Cezanın İnfazından Sonra Belli Bir Süreyle Uygulanabilen Hak Yoksunluğunun Şartları

Cezanın İnfazından Sonra Belli Bir Süreyle Uygulanabilen Hak Yoksunluğunun Şartları

Yeni Türk Ceza Kanunu’nda benimsenen yaptırım sisteminde, söz konusu hak yoksunluklarının, kural olarak, mahkûm olunan cezanın infazının tamamlanmasına kadar devam etmesi öngörülmüştür (m. 53/2). Bu kuralın da istisnaları vardır. Bu istisnalar şunlardır:

a) 5237 sayılı Türk Ceza Kanunu’nun 53. maddenin birinci fıkrasında sayılan hak ve yetkilerden birinin kötüye kullanılması suretiyle işlenen suçlar dolayısıyla;

aa) Hapis cezasına mahkûmiyet hâlinde, ayrıca, hükmolunan cezanın yarısından bir katına kadar,

bb) Sadece adlî para cezasına mahkûmiyet hâlinde, hükümde belirtilen gün sayısının yarısından bir katına kadar,

bu hak ve yetkinin kullanılmasının yasaklanmasına karar verilir. Bu kararlara konu yasaklılık süreleri, hapis veya adlî para cezasının infazından itibaren işlemeye başlayacaktır (m. 53/5). Burada, belli bir hak ve yetkinin kötüye kullanılması suretiyle işlenen kasıtlı suçlar dolayısıyla mahkûmiyet hâlinde, mahkûm olunan cezanın infazından sonra da etkili olmak üzere bu hak ve yetkinin kullanılmasının yasaklanmasına ayrıca hükmedilmesi öngörülmüştür. Bu durumda mahkemenin belli bir hak ve yetkiyle ilgili olarak vereceği yasaklama kararı bir güvenlik tedbiri niteliği taşımaktadır.

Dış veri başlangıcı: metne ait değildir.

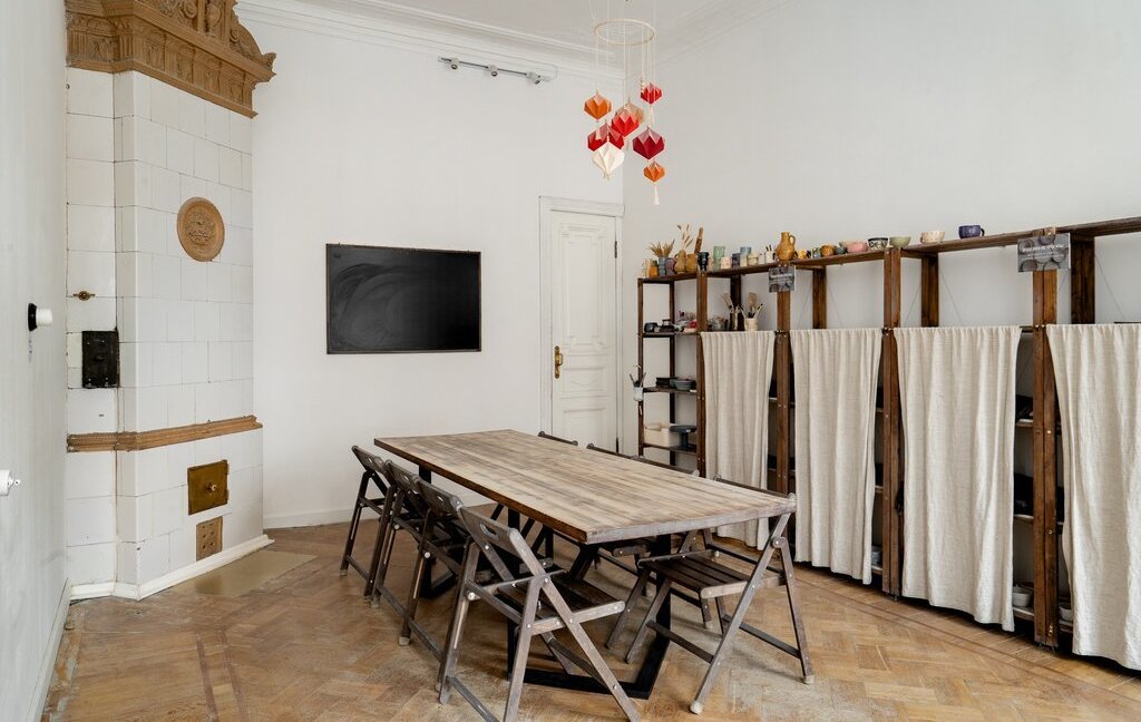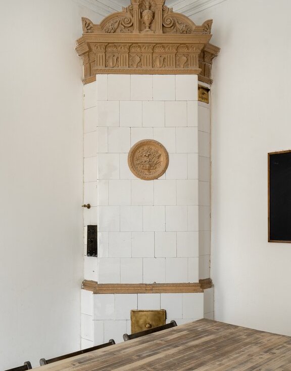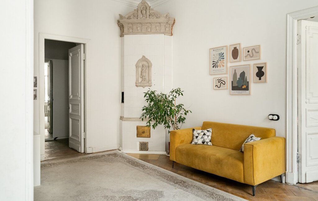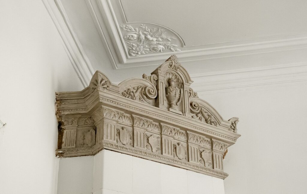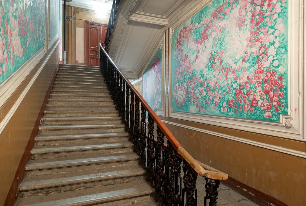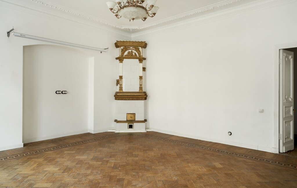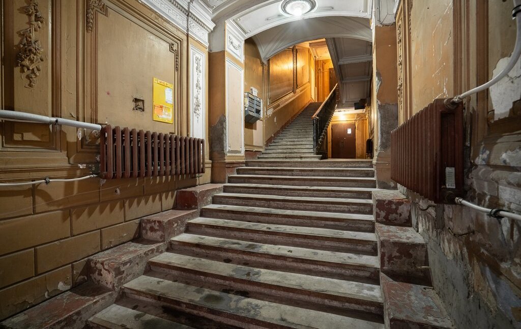 В парадной требуется ремонт, но в ней сохранилась печь, дубовые двери и лепнина. Лифта нет.

b) 5237 sayılı Türk Ceza Kanunu’nun 53. maddesinin altıncı fıkrası uyarınca verilecek, belli bir meslek veya sanatın icrasının yasaklanmasına ya da sürücü belgesinin geri alınmasına dair kararlara konu olan yasaklama ve geri alma, hükmün kesinleşmesiyle yürürlüğe girer ve süre (yani belli bir meslek veya sanatın icrasının yasaklanması ya da sürücü belgesinin geri alınması süresi), cezanın tümüyle infazından itibaren işlemeye başlar (m.53/6).

TCK 53. Maddenin beşinci fıkrasına göre kasten Birinci fıkrada sayılan hak ve yetkilerden birinin kötüye kullanılması suretiyle işlenen suçlar” bakımından mahkûmiyet kararı verildiğinde cezanın infazından sonra da bu hak ve yetkilerin kullanılmasının yasaklanması kabul edilmiştir.

Madde bu suçlardan dolayı verilen cezalarda ikili bir ayırıma gitmiş ve sonuç cezanın hapis (hükmolunan cezanın yarısından bir katına kadar) veya adli para cezası (hükümde belirtilen gün sayısının yarısından bir katına kadar) olmasına göre hak yoksunluklarını farklı düzenlemiştir. Buna göre:

TCK 53. maddenin Beşinci Fıkrası Gereğince Hapis Cezasına Mahkûmiyet Halinde: “TCK’nın 53/1. maddesinin (…) bendinde yazılı hak ve yetkilerin kötüye kullanılmasından hapis cezasına mahkûm olduğundan sanığın hapis cezasının infazından sonra işlemek üzere … süresince, bu hak ve yetkileri kullanmaktan yasaklanmasına.”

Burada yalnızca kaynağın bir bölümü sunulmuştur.